Batuhan imim nikahı yapıyor, yani futbolcunuz evleniyor ama kimsenin haberi yok. Böyle bir takımın takım ruhu nasıl olur sizce..? Oysa takım ruhu, iyi günde, kötü günde bir olmak, beraber olmak değil midir? Futbolcunun gece hayatıyla ilgileneceksin, bir şey duydun mu gidip soracaksın. Yüzü asık gördün mü “Ne oldu” diye soracak, ilgileneceksin. İşte o zaman TAKIM olursun TAKIM RUHU taşırsın..
Teknik adamlık sadece taktik vermek midir..? Bence değildir..
Bu kimin suçudur veya kimin eksikliğidir sizce? Teknik kadronun değil mi?
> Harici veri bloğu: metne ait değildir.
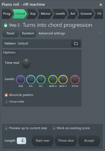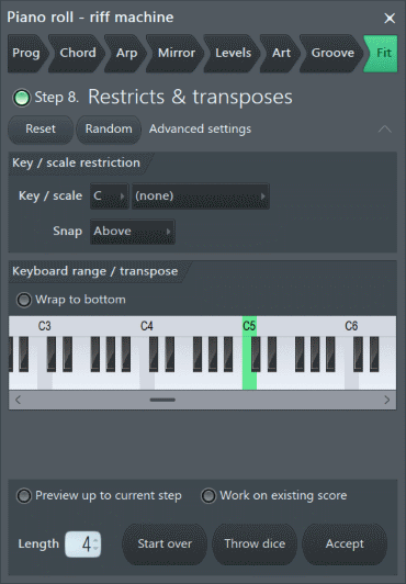 Прогрессия длинных нот по меньшей мере 8 тактов, обеспечивающие максимальный эффект последующим шагам. Чтобы задать собственную прогрессию, перед открытием риф машины введите в пианоролл ноты и включите опцию Work on existing score (работать с существующими нотами) в нижней части окна. Этот шаг можно исключить из генератора рифов, выключив переключатель.

Futbolcularla kimse ilgilenmiyor mu?
Yoksa onlar da Türkiye gibi “Saldım çayıra Mevlam kayıra mıdır?”
Hadisenin özü budur.. Hadisenin kendisi de budur..
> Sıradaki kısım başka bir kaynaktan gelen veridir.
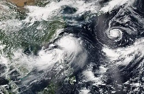 On May 5, Tropical Storm Risk (TSR) issued their first forecast for the season, anticipating an activity of slightly above normal with 27 named storms, 17 typhoons and 10 intense typhoons, including an accumulated cyclone energy (ACE) of 357.[1] On June 26, Taiwan's Central Weather Bureau (CWB) predicted a normal season with 21–25 tropical storms developing over the basin, while three — five systems were expected to affect Taiwan itself.[5] On the same day, the Thai Meteorological Department (TMD) predicted that 2 tropical cyclones would move towards the northern or northeastern parts of Thailand during August or September.[8] On July 6, TSR released their second forecast for the season, reducing the predicted numbers to 25 named storms, 15 typhoons, and 7 intense typhoons, with an ACE Index of 250.[2] During the same day, the PAGASA issued their second and final outlook for the season for the period of July–December, where six to nine tropical cyclones were expected to develop or entered their area of responsibility between July and September, while three to five were forecast during October to December. During August 8, the TSR released their third and final forecast for the season, slightly raising their forecast named storms to 26, with 14 reaching typhoon intensity and 7 reaching intense typhoon intensity. ACE Indices were slightly raised to 255.[3]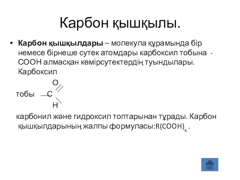 карбонил және гидроксил топтарынан тұрады. Карбон қышқылдарының жалпы формуласы:R(COOH)x..

“Takım olmak” ve “Takım Ruhu” taşımaktır işin özü..
Başkanın Yıldırım Demirören’in bu sözleri, teknik kadronun büyük eksikliğinin ortaya çıkması bakımından çok önemlidir.. Başkan ne yapsın…!!
NOT:
Taraftar maça gide, bağırır çağırır.. Hatta küfürler eder.. Ne için?
Boşalmak için.. Stres atmak için.. Deşarj olmak için..
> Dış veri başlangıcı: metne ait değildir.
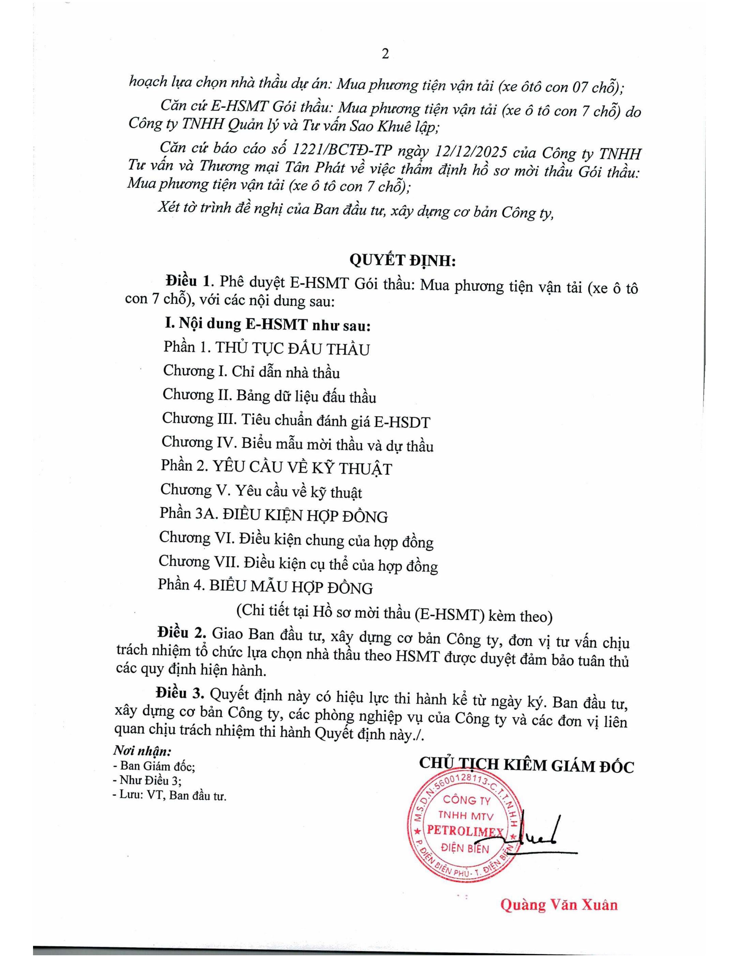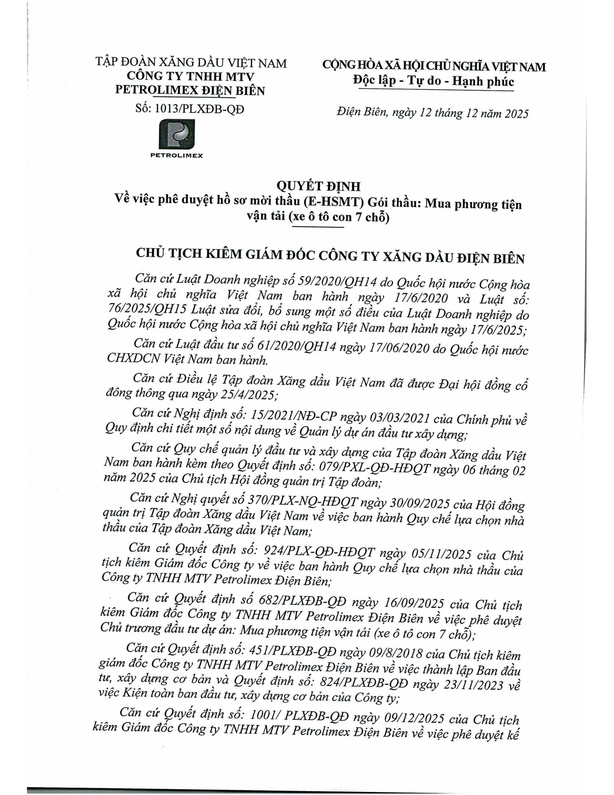 Quyết định số 1013/PLXĐB-QĐ về việc phê duyệt hồ sơ mời thầu gói thầu: Mua phương tiện vận tải (xe oto con 7 chỗ). chi tiết tại file 1, file 2

Biz de maça gideriz deşarj olmak için boşalmak için.. Stresimizden kurtulmak için..
Kimileri de konsere gider, tempo tutar, eğlenir, göbek atar.. Ne için?
Boşalmak için.. Stres atmak için.. Deşarj olmak için..
Bunu başka türlü anlamak için hicivden yoksun, hatta kötü kalpli olmak gerekir..
Büyük önder Mustafa Kemal ne diyordu “Ben Sporcunun Zeki, Çevik ve Ahlaksını Severim”
Bence “Ben insanın Zeki, Çevik ve Ahlaklısını Severim” demeliydi..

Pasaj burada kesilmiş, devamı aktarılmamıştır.